Jyoti Singh, a fourth-year physiology student, presses a cold metal scalpel into the soft flesh of a newly euthanized lab rat. The sharp edge pierces the skin with little resistance as warm blood trickles down her purple nitrile gloves. Singh must work quickly but delicately as she separates the hind legs from the rest of the body. From there, she can isolate the saphenous nerve that relays sensory signals from the foot to the spinal cord. She believes that diabetes might impair this nerve connection. To test her hypothesis, she must extract the nerve intact; the slightest tear or the softest pinch could damage it and render the rat’s sacrifice meaningless.
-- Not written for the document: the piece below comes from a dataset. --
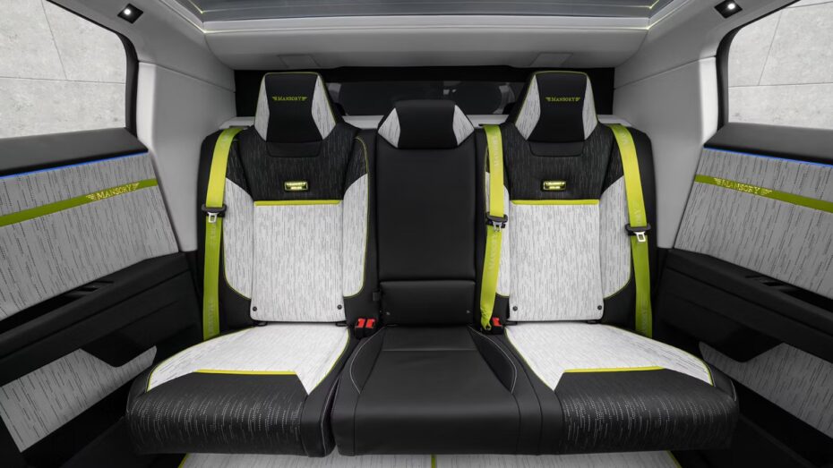 Bề mặt bóng bẩy hoặc các chi tiết carbon kết hợp với ghế bọc da tương phản, cùng các bề mặt taplo/tapi cửa thiết kế riêng, điều này mang đến cảm giác sang trọng cho khách hàng. Đồng thời, logo của Mansory được thêu tỉ mỉ trên tựa lưng ghế, dây an toàn và thảm sàn… tạo điểm nhấn tinh tế cho không gian nội thất.

Singh is one of dozens of researchers at the University of Alberta who use animals for biological research, a practice that has been legally recognized since the 1870s. According to a 2005 study from the journal Alternatives to Research Animals, an estimated 115 million animals are used in medical experiments every year. Singh has cut open more than two dozen laboratory animals in the past four years. The U of A’s animal facility is practically her second home; the animal care technicians are much like her second family.
“Not everyone is comfortable using animals in research. It’s definitely a difficult topic to tackle,” Singh says. She’s worked with both mice and rabbits, but settled with Nile grass rats because of the way they experience diabetes. By placing them on a high fat and low fibre diet, the rats develop insulin resistance within the first two months. With time, the rats experience all five stages of type 2 diabetes, similar to a human patient.
“When I first got the rats from our research collaborators they were already 18 months old, so they were really fat. They had eye problems, cataract problems, and organ failure. Because of how diabetic they are, some rats develop liver tumours and we see toxins accumulate in their urine,” Singh says. “They’re really sick and it can be hard to watch.”
This is the reason she refuses to name her rats anymore. In her line of work, she can’t afford to be sentimental. Though it’s never easy watching an animal suffer, Singh insists that if society wants better treatment for diabetic patients, it’s the price that has to be paid.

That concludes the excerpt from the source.